Give back the full listing as written. No pictures go with it.

▸ DATASET EXCERPT
-- -- --

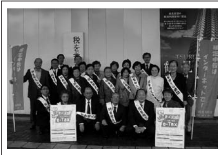
鶴見駅前広報活動の記念撮影(11/11)
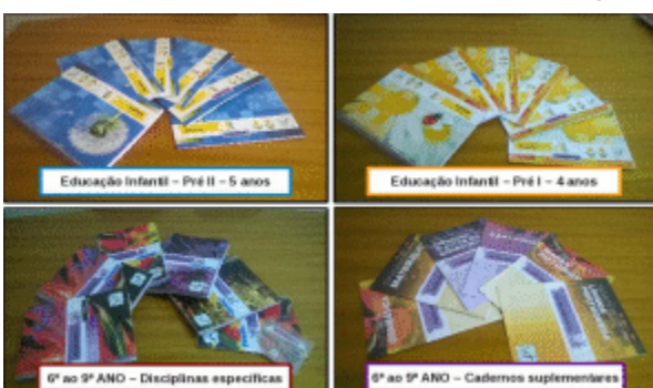
Objetivando a melhoria na qualidade de ensino a prefeitura entrega material apostilado para os alunos da rede municipal
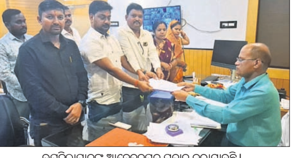
ଉପଜିଲ୍ଲାପାଳଙ୍କୁ ଆବେଦନପତ୍ର ପ୍ରଦାନ କରାଯାଉଛି ।
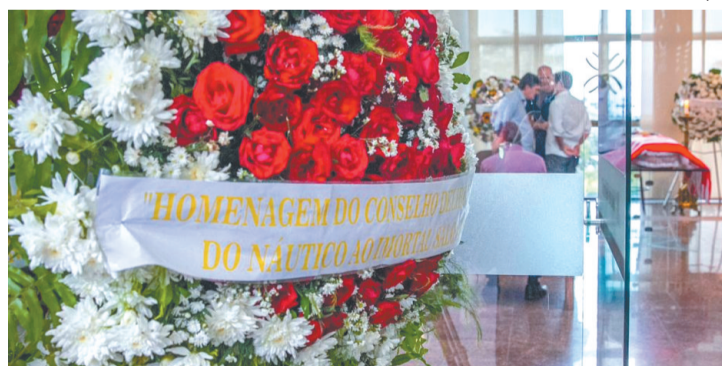
Náutico decretou luto de três dias como homenagem

-- -- --

▸ SOLUTION FOR THIS PROBLEM
鶴見駅前広報活動の記念撮影(11/11)
Objetivando a melhoria na qualidade de ensino a prefeitura entrega material apostilado para os alunos da rede municipal
ଉପଜିଲ୍ଲାପାଳଙ୍କୁ ଆବେଦନପତ୍ର ପ୍ରଦାନ କରାଯାଉଛି ।
Náutico decretou luto de três dias como homenagem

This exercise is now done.